Entries provided:
Content starts
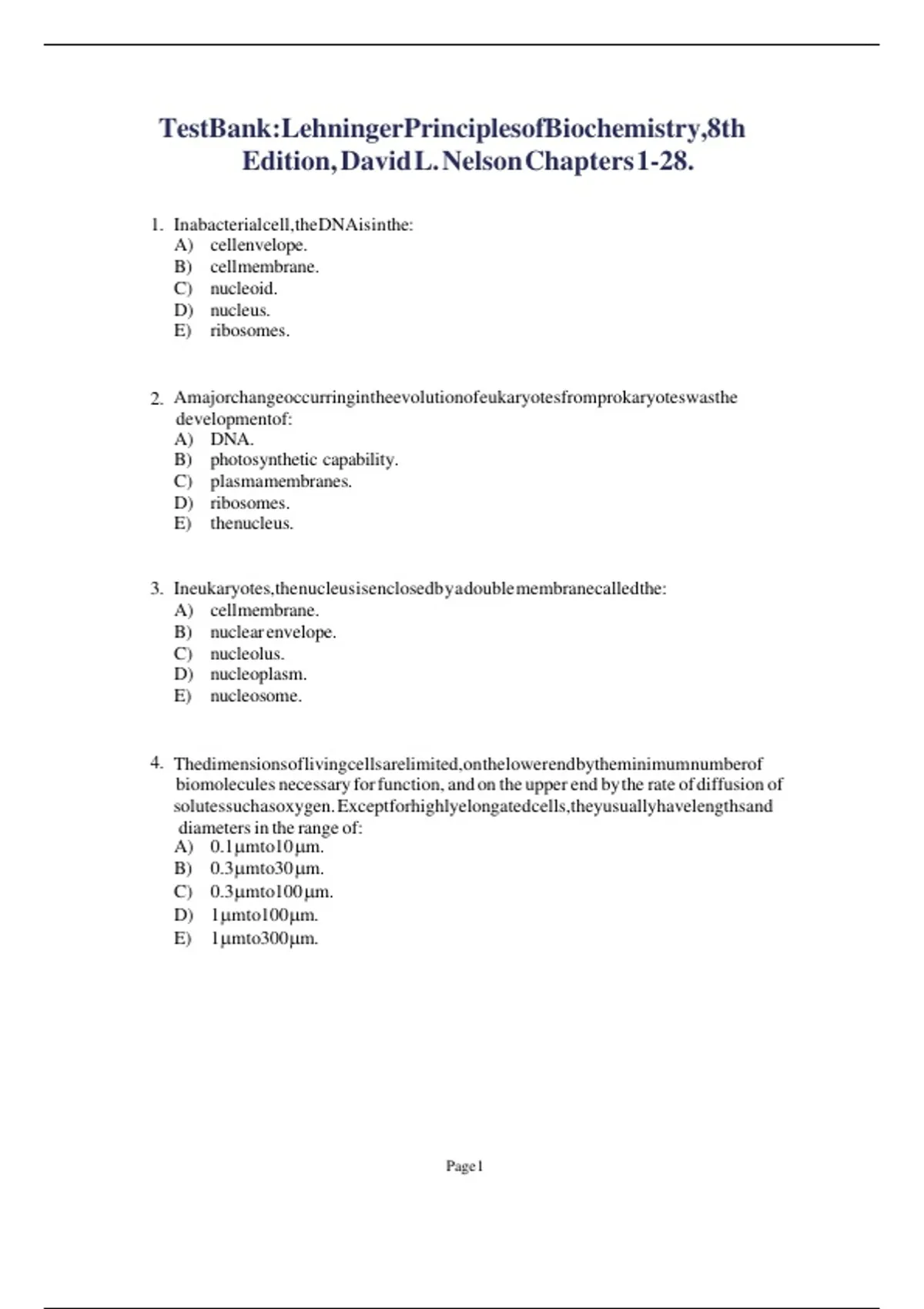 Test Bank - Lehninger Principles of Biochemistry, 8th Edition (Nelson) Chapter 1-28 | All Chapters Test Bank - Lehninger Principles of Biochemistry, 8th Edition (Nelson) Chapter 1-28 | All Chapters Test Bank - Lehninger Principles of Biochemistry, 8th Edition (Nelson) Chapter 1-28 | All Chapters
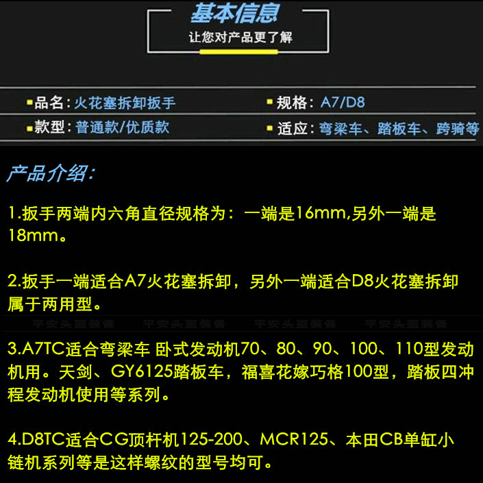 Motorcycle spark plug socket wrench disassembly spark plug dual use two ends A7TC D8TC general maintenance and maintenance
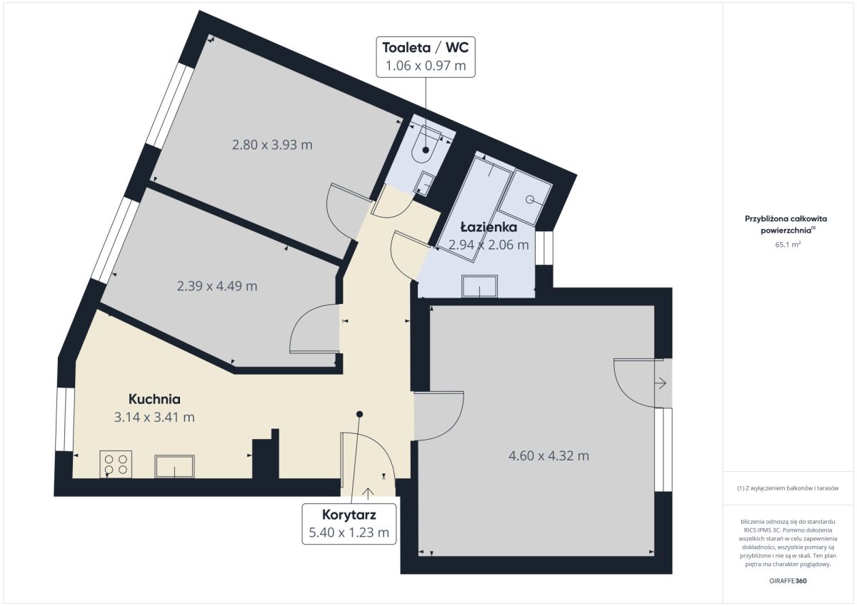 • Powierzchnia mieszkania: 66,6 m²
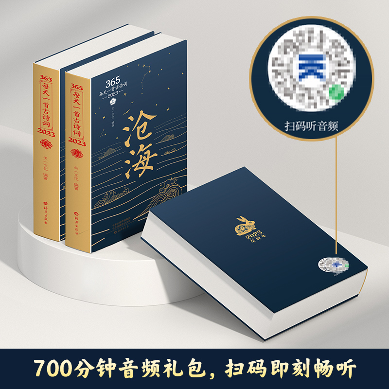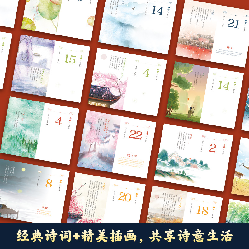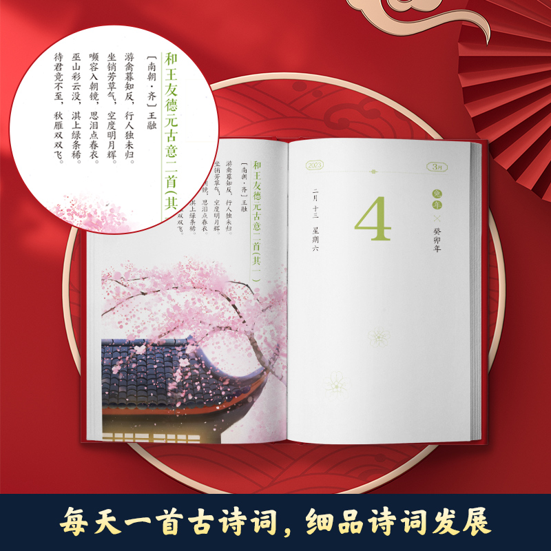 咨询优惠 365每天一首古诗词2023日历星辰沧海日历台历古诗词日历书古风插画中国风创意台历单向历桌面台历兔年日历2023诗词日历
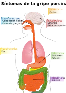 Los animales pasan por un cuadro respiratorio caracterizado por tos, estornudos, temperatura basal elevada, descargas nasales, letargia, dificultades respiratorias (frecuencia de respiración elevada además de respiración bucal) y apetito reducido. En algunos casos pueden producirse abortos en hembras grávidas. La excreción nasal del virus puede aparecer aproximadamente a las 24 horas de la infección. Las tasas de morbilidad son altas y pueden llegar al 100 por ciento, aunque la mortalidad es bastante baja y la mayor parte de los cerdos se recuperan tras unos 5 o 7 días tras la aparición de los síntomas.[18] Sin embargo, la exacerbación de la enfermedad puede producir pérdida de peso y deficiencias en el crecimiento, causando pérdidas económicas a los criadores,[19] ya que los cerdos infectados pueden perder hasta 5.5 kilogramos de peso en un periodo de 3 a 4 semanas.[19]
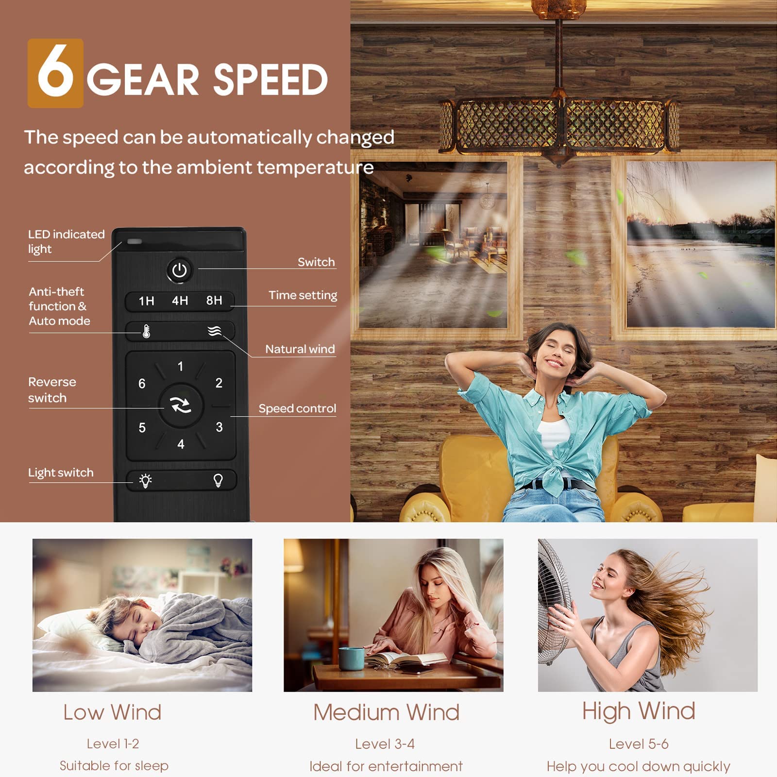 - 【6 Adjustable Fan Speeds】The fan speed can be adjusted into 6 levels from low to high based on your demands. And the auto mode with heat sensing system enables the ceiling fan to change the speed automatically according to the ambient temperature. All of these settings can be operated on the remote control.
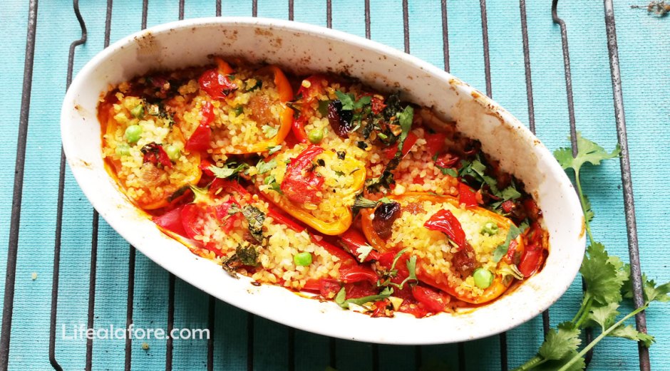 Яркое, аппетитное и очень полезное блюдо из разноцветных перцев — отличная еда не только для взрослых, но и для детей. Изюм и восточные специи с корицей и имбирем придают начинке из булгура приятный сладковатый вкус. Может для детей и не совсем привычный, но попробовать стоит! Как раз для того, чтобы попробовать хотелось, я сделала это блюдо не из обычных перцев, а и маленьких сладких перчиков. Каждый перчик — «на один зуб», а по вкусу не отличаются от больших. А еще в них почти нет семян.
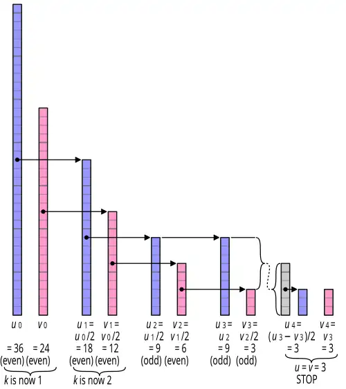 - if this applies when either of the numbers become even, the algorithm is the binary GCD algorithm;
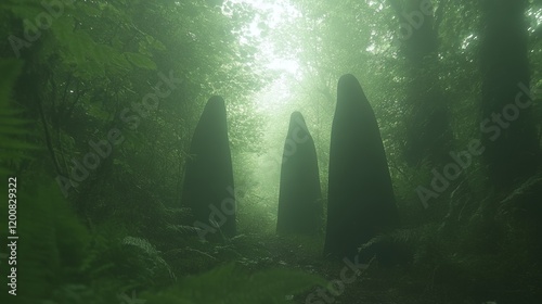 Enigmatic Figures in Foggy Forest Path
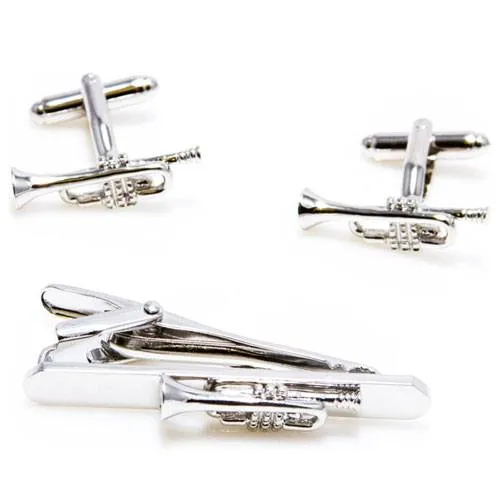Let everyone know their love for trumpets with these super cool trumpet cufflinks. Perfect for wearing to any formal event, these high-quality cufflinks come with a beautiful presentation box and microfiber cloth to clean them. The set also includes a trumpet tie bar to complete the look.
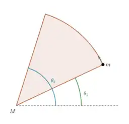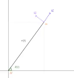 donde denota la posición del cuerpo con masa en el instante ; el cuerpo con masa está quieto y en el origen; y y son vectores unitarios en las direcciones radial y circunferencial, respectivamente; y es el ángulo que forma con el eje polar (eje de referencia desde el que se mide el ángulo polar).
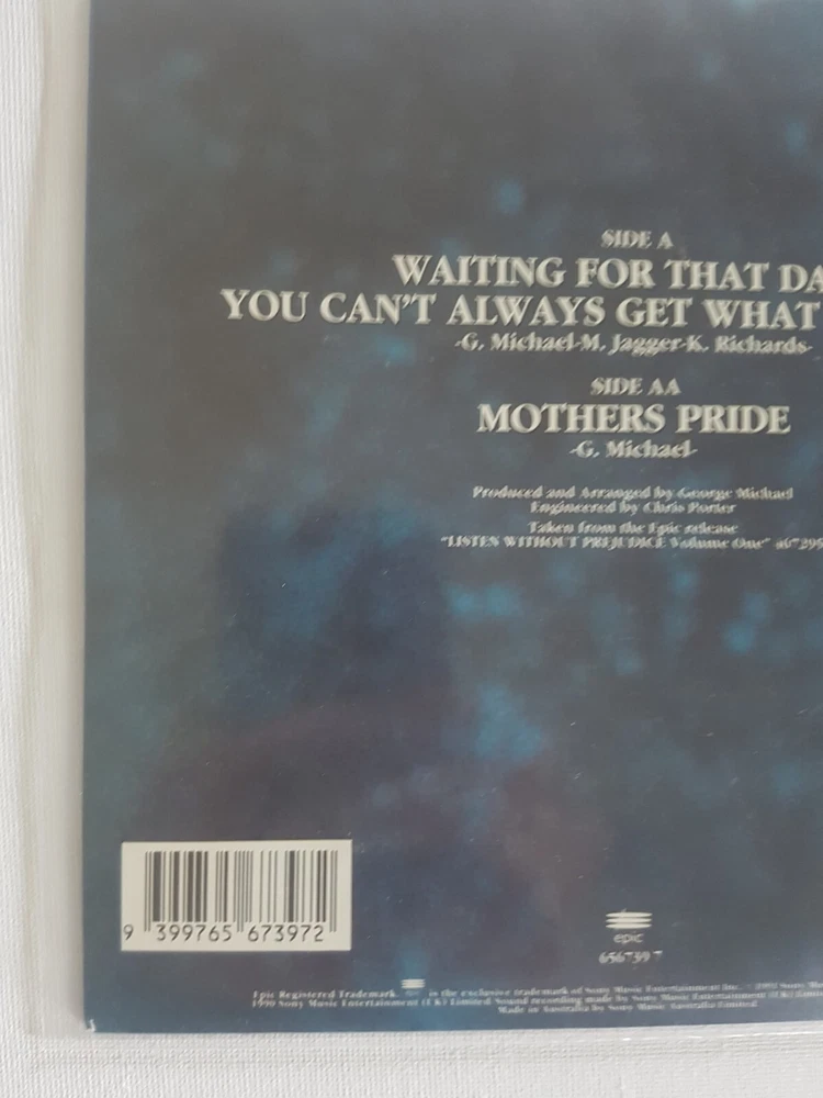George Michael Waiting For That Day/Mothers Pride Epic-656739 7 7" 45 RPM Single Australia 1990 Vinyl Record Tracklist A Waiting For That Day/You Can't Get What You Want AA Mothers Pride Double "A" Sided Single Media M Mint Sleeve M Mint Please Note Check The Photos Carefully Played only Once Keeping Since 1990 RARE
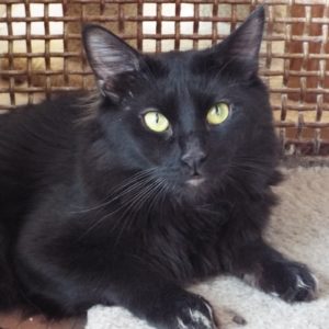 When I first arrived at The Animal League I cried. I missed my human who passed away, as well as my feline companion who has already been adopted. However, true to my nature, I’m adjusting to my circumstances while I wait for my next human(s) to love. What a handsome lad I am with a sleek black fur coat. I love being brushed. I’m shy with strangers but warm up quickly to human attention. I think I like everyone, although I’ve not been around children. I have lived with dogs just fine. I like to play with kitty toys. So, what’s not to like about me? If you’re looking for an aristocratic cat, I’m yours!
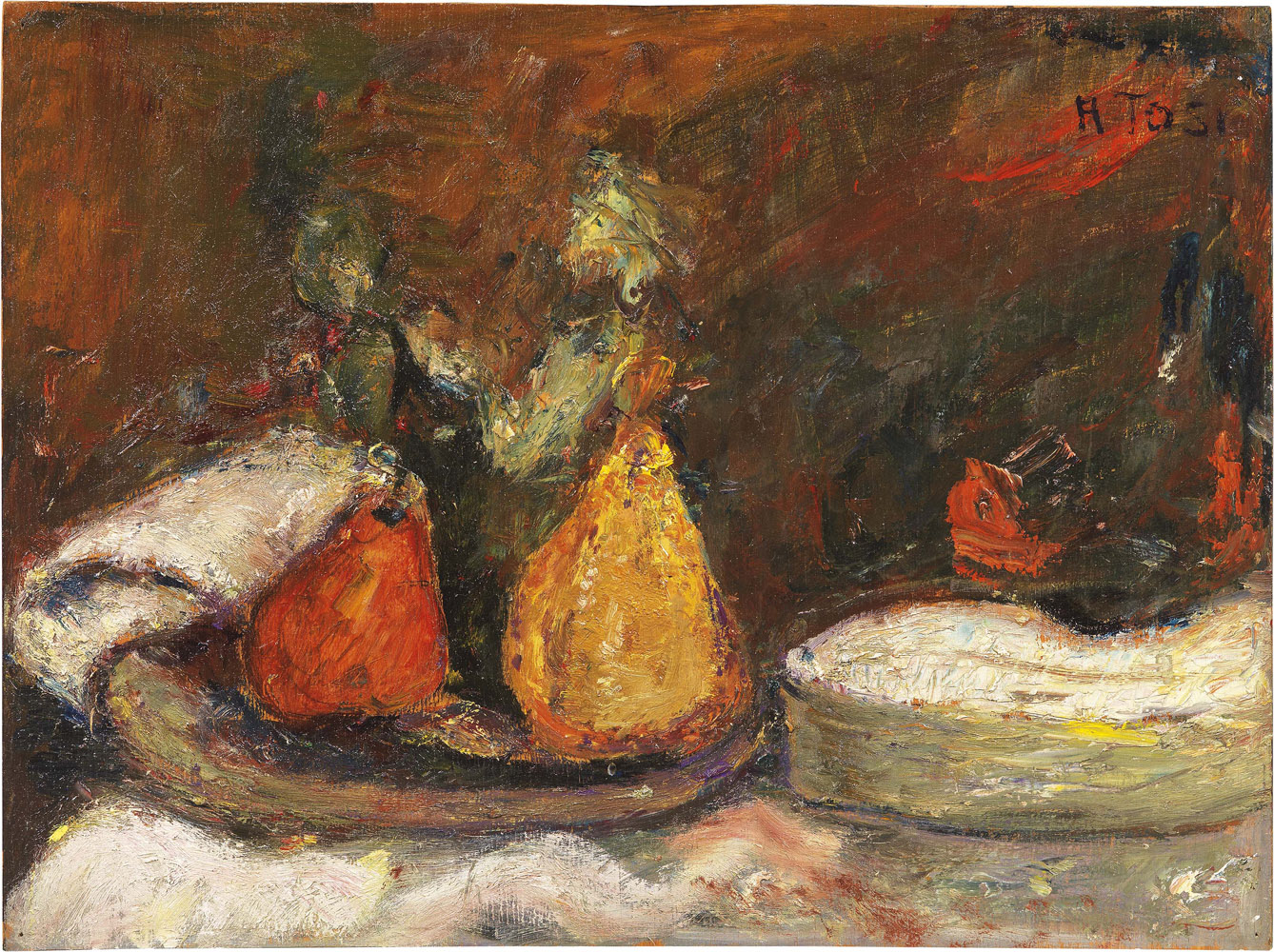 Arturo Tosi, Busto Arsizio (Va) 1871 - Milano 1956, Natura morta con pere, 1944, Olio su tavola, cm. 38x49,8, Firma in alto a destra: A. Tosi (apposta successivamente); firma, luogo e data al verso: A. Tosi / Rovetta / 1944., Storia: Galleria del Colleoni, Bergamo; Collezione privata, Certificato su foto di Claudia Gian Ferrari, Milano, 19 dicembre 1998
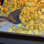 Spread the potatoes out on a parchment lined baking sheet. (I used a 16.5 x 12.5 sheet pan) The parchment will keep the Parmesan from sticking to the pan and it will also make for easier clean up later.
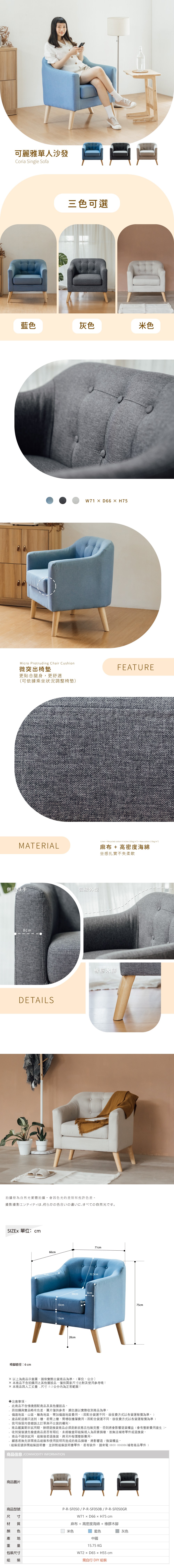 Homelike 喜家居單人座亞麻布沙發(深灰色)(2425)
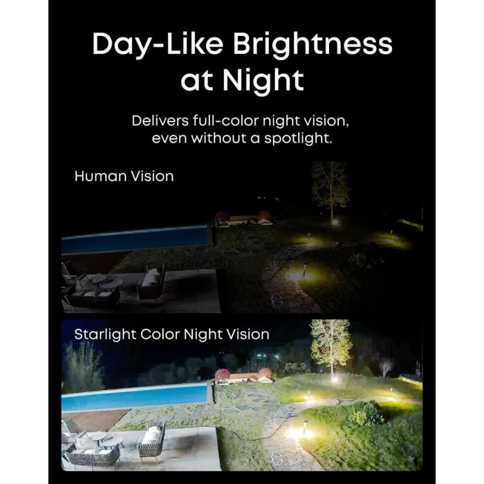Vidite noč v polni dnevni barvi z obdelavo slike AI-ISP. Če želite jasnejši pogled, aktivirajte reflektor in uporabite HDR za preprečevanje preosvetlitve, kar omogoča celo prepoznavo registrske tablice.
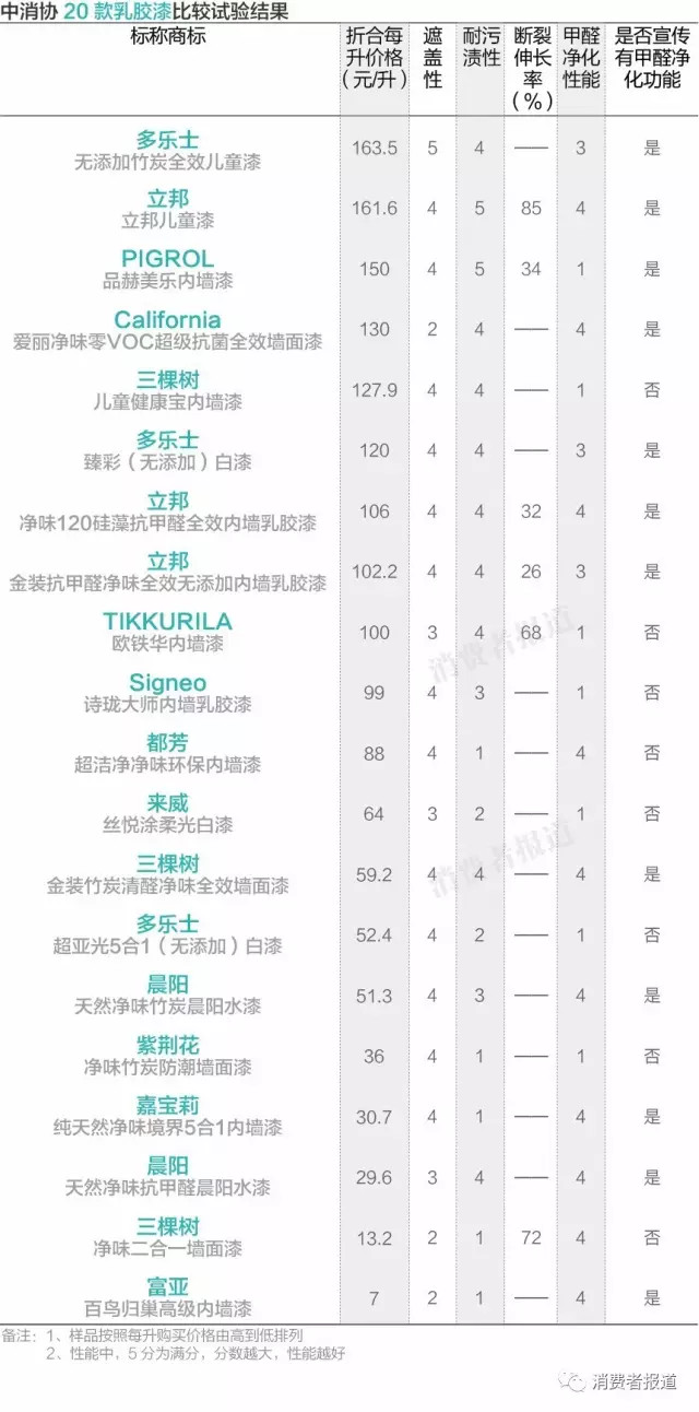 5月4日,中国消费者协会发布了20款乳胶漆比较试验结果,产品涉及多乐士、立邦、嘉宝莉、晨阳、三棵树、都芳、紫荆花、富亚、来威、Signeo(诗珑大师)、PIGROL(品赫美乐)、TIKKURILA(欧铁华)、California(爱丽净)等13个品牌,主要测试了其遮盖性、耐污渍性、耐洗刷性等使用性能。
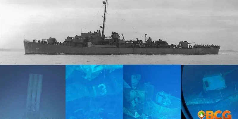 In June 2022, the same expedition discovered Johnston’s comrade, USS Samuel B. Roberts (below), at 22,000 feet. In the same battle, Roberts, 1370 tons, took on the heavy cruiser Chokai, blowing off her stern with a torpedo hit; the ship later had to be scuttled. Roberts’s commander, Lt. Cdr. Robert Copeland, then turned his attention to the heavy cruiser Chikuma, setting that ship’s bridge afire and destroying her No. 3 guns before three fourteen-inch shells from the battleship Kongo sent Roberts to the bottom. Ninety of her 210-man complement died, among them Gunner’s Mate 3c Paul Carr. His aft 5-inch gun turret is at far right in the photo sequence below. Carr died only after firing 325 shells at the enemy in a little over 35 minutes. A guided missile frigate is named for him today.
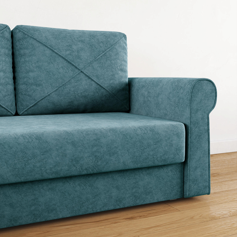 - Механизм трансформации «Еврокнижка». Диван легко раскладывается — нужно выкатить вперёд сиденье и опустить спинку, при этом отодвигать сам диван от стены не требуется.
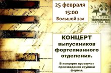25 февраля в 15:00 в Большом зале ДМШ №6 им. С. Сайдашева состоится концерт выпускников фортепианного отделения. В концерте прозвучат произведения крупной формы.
Content ends
Description of the task: Above are the records; return the lines in them from the one with "- if this applies" to the one with "Enigmatic Figures in Foggy Forest Path", inclusive, exactly and without images.

Reply:
 - if this applies when either of the numbers become even, the algorithm is the binary GCD algorithm;
 Enigmatic Figures in Foggy Forest Path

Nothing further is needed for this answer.